The computing scheme for solving this equation is:

di/dt = (u − i·R)/L
i = ∫(di/dt)dt
i = f(V_F)

It is easy to state that in a solution scheme for any ordinary differential equation, only the following computing operations ever occur:

a) Summation: y = x₁ + x₂ b) Integration: y = ∫x dt c) Multiplication by a constant: y = k·x d) Multiplication of two variables: y = x₁·x₂ e) Formation of a function: y = f(x) f) Sign reversal: y = −x

For each of these operations there is an electronic building block. Every analog computer contains a large number of such “computing elements.” How they must be interconnected for a given differential equation or an entire system is determined by “programming.” Programming therefore means adapting a task to the capabilities of the analog computer. In contrast to the digital computer, however, no decomposition into a sum of individual steps is necessary — only a “rewriting” and “rescaling” of the given differential equation. The term “rewriting” refers to the reformulation of the differential equation as shown above; by “rescaling,” normalization and time transformation are meant (see Section 3).

In the analog computer, all interconnected building blocks work simultaneously on the solution. The computation is therefore not divided into temporally successive steps as in a digital computer. Since integration in the electronic analog computer is modeled by the charging of an ideal capacitor, only one independent variable can appear, namely time. The system of equations may then also have only one independent variable, which is represented at the computer by time. Therefore, for example, partial differential equations can only be handled — if at all — by indirect methods. However, technical problems are very often described by ordinary differential equations with initial or boundary values, for which the analog computer is particularly suitable. The equations can be arbitrarily nonlinear. This is precisely where the great advantage of the analog computer lies, because there are no general solution methods for such equations.

Since the “electrical model” is isomorphic to the system of equations under investigation, the solution initially runs in real time when time is the independent variable. By suitable substitution of the independent variable, however, a time compression or expansion can be achieved. This is an extremely effective aid in the investigation of very slowly or very rapidly progressing processes. One can always ensure that the solution runs in a time span of seconds to a few minutes, regardless of the scope and complexity of the given system of equations.

The “solution” of the represented system appears in curve form, namely as an oscilloscope trace of the corresponding voltages, which are proportional to the sought system quantities.

3. Programming, Explained with an Example

Already in Section 2, the scheme for solving a differential equation was given.

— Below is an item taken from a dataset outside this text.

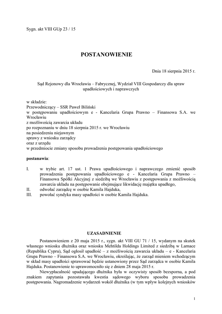 Sygn. akt VIII GUp 23 / 15 POSTANOWIENIE Dnia 18 sierpnia 2015 r. Sąd Rejonowy dla Wrocławia – Fabrycznej, Wydział VIII Gospodarczy dla spraw upadłościowych i naprawczych w składzie: Przewodniczący – SSR Paweł Biliński w postępowaniu upadłościowym e - Kancelaria Grupa Prawno – Finansowa S.A. we Wrocławiu z możliwością zawarcia układu po rozpoznaniu w dniu 18 sierpnia 2015 r. we Wrocławiu na posiedzeniu niejawnym sprawy z wniosku zarządcy oraz z urzędu w przedmiocie zmiany sposobu prowadzenia postępowania upadłościowego postanawia: I. II. III. w trybie art. 17 ust. 1 Prawa upadłościowego i naprawczego zmienić sposób prowadzenia postępowania upadłościowego e - Kancelaria Grupa Prawno – Finansowa Spółki Akcyjnej z siedzibą we Wrocławiu z postępowania z możliwością zawarcia układu na postępowanie obejmujące likwidację majątku upadłego, odwołać zarządcę w osobie Kamila Hajduka, powołać syndyka masy upadłości w osobie Kamila Hajduka. UZASADNIENIE Postanowieniem z 20 maja 2015 r., sygn. akt VIII GU 71 / 15, wydanym na skutek własnego wniosku dłużnika oraz wniosku Mehtilda Holdings Limited z siedzibą w Larnace (Republika Cypru), Sąd ogłosił upadłość – z możliwością zawarcia układu – e - Kancelaria Grupa Prawno – Finansowa S.A. we Wrocławiu, określając, że zarząd mieniem wchodzącym w skład masy upadłości sprawować będzie ustanowiony przez Sąd zarządca w osobie Kamila Hajduka. Postanowienie to uprawomocniło się z dniem 28 maja 2015 r. Niewypłacalność upadającego dłużnika była w oczywisty sposób bezsporna, a pod znakiem zapytania pozostawała kwestia sądowego wyboru sposobu prowadzenia postępowania. Nagromadzenie wydarzeń wokół dłużnika (w tym wpływ kolejnych wniosków 1 o ogłoszenie upadłości, obejmującej likwidację majątku) oraz wysokie, stałe koszty funkcjonowania jego przedsiębiorstwa wymagały szybkiego ustabilizowania sytuacji postanowieniem prawomocnie ogłaszającym upadłość, i to upadłość układową, by zapobiec nieodwracalnym w obrocie skutkom upadłości likwidacyjnej. Wobec tak określonej potrzeby priorytetowej, procedowanie zorganizowano w kierunku możliwie najszybszego orzeczenia upadłości (jako takiej), w miejsce drobiazgowego roztrząsania racji stron spierających się o optymalny sposób prowadzenia postępowania po jej ogłoszeniu. Właściwe rozstrzygnięcie sporu o opcję postępowania przeniesiono w nieodległą przyszłość, by ustanowiony dla dłużnika zarządca mógł pod nadzorem sędziego – komisarza zbadać kluczowy dla perspektyw przedsiębiorstwa dłużnika czynnik, a mianowicie oszacować wiarygodną wartość pakietu eksplorowanych przez niego należności. Niemożliwe było to do wykonania z pozycji tymczasowego nadzorcy sądowego, ze względu na właściwe jej ograniczenia funkcjonalno – kompetencyjne. W uzupełniającym wniosek o ogłoszenie upadłości piśmie datowanym na 20 kwietnia 2015 r. (k. 213 – 214 w aktach VIII GU 71 / 15) dłużnik przedstawił zmodyfikowane propozycje układowe. Dłużnik zaproponował nowy sposób restrukturyzacji zobowiązań, zakładając „podział wierzycieli na 1 grupę”. Wskazano, że na moment złożenia propozycji wszystkie zobowiązania pracownicze dłużnika były zaspokojone. 1) Grupa pierwsza – wierzyciele będący obligatariuszami spółki z tytułu nabycia obligacji wyemitowanych przez dłużnika, Grupa pierwsza 1) Brak redukcji zobowiązań poprzez umorzenie wierzytelności, 2) Konwersja 50 % (z zastrzeżeniem punktu 3.1 wierzytelności, (kapitał wraz z odsetkami), ustalonych na dzień zawarcia układu, na akcje spółki e - Kancelaria Grupa Prawno – Finansowa S.A. – Zarząd zaproponował konwersję na akcje spółki e - Kancelaria Grupa Prawno – Finansowa S.A., o wartości nominalnej jednej akcji 0,10 zł (dziesięć groszy), po cenie emisyjnej 0,10 zł (dziesięć groszy) za jedną akcję. Akcje powstałe w wyniku konwersji miałyby być przedmiotem ubiegania się o dopuszczenie i wprowadzenie do obrotu na rynku regulowanym Giełdy Papierów Wartościowych w Warszawie. Warunki konwersji obligacji na akcje: Zarząd spółki zaproponował Wierzycielom – obligatariuszom konwersję 50 % (z zastrzeżeniem punktu 3.1) posiadanych przez nich wierzytelności na akcje, poprzez podwyższenie kapitału zakładowego spółki w drodze emisji akcji na okaziciela serii G na następujących warunkach: 1. Podwyższenie kapitału zakładowego Spółki nastąpi o kwotę będącą sumą kwot: a) do 50 % łącznej wartości posiadanych przez Wierzycieli wierzytelności (kapitał wraz z odsetkami, zaokrąglone w dół do równowartości 0,10 zł), ustalonej na dzień zawarcia układu, b) kwoty powstałej z przeliczenia opisanego w punkcie 3.1. poprzez emisję akcji zwykłych na okaziciela serii G, w liczbie nie większej niż iloczyn kwoty, o której mowa w powyższym punkcie 1 oraz wartości nominalnej jednej akcji 0,10 zł (dziesięć groszy). 2. Akcje serii G wyemitowane zostaną w drodze subskrypcji prywatnej z wyłączeniem prawa poboru w całości w stosunku do dotychczasowych akcjonariuszy, skierowanej do wierzycieli spółki. 3. Akcje serii G zostaną objęte w zamian za obligacje wierzycieli. 2 4. Akcje serii G uczestniczyć będą w dywidendzie począwszy od wypłat z zysku, jaki zostanie przeznaczony do podziału za rok obrotowy 2015, tj. od dnia 1 stycznia 2015 r. 5. Cena emisyjna akcji serii G równa będzie wartości nominalnej jednej akcji i wynosić będzie 0,10 zł (dziesięć groszy) za 1 akcję. 6. Upoważnia się Zarząd spółki do dokonania czynności rejestracyjnych, podpisania i złożenia dokumentów w Krajowym Rejestrze Sądowym po zatwierdzeniu układu i wydaniu postanowienia o zatwierdzeniu układu. 7. Akcje nowej emisji serii G nie będą miały formy dokumentu i będą podlegały dematerializacji zgodnie z ustawą z dnia 29. lipca o obrocie instrumentami finanso

Now consider the following equations (a sprung mass with damping and an exciting force):

ds/dt = v
dv/dt = [P(t) − c·s − d·v] / m
s = ∫v dt + s(0)

At the analog computer, the quantities P = force, s = displacement, v = velocity correspond to variable voltages, which naturally cannot assume arbitrary values but are limited by the construction of the computer’s building blocks. The computer has a certain voltage defined as the “unit voltage” or “machine unit (m.u.),” which the amplifiers can still process correctly — usually 100 V or 10 V equals 1 m.u. This unit is dimensionless. The given system of equations must be reformulated so that the variables also appear as dimensionless quantities whose absolute value remains ≤ 1. If this succeeds, it is guaranteed that the permissible computing voltage at the computer will not be exceeded.

The new variables are introduced as follows: the previous variables — in the example P, s, and v — are referenced to “normalization values” that are greater than or at least equal to the maximum values these variables can take; these normalization values are denoted for the example as P_m, s_m, and v_m.

After substitution with normalized variables P/P_m, s/s_m, v/v_m, the equations are rearranged. The coefficients such as c·s_m / (m·v_m), P_m / (m·v_m), etc., are fixed values that can be set on potentiometers.

The previously mentioned “time transformation” — i.e., the replacement of the independent variable (in the example, time t) by a new “machine variable” — is accomplished as follows: t is substituted by T, with both linked by the relation T = λ·t (0 < λ < ∞). The factor λ indicates whether a time compression or expansion is being performed:

  • 0 < λ < 1 means time compression, i.e., the solution runs at the computer correspondingly faster than in nature.
  • 1 < λ < ∞ means time expansion, i.e., the solution runs correspondingly slower.

Through the time transformation, one can always ensure that the solution of a system of equations is carried out on the computer in seconds to minutes, regardless of how complex the relevant system of equations is. The voltages analog to the problem variables are either displayed on an oscilloscope or recorded with a plotter. Through normalization and the setting of λ, one knows the scale relationship between actual quantities and the analog voltages.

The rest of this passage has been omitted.